On July 29th, President Obama signed Senate Bill 764 (also known as the “DARK Act”) into law, prohibiting individual states from having their own GMO labeling laws. The law also allows food manufacturers to use a “QR” code that must be scanned with a smart phone instead of printed text openly revealing GMO ingredients. While we wait to see exactly how this GMO labeling “compromise” shakes out over the next two years (the USDA has two years to work out the details of implementation), here’s how to avoid genetically engineered ingredients:
- Choose Organic: This is the most comprehensive label there is, covering GMOs as well as pesticides, hormones, antibiotics, animal welfare and sustainable farming practices.
- Look for the Non-GMO verified seal: While not “GMO-free” and doesn’t address chemical use, it’s a good option when you simply want to avoid genetically engineered ingredients in packaged foods.

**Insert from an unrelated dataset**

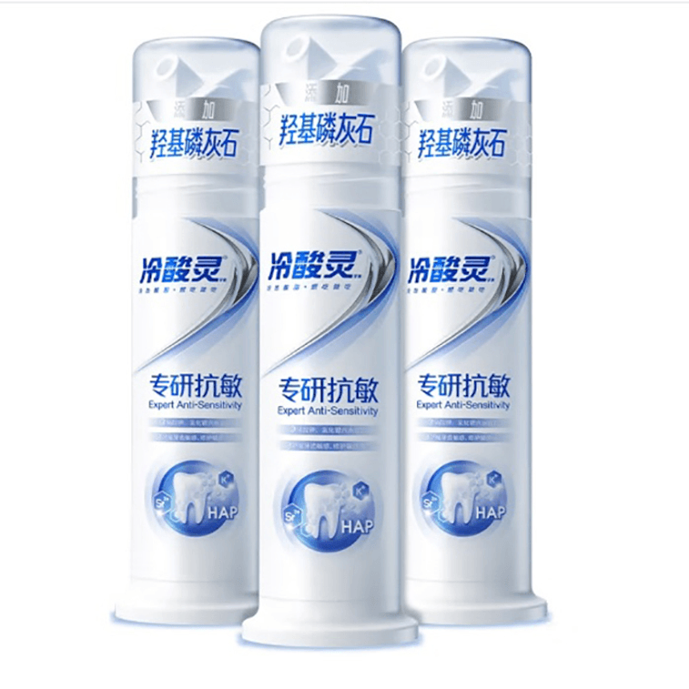 【中国直邮】冷酸灵专研抗敏泵式牙膏 羟基磷灰石成分 100g*3支 套装

- Check Nutrition Facts and ingredient lists: Any product containing corn, soy, canola, vegetable oil, and sugar (from sugar beets, not cane), and is not labeled as “organic” or “non-GMO,” will most assuredly contain genetically engineered ingredients. Also remember to watch for the “added sugar” line coming soon to the Nutrition Facts panel.
There’s no reason to compromise our health. Be label-literate and eat well.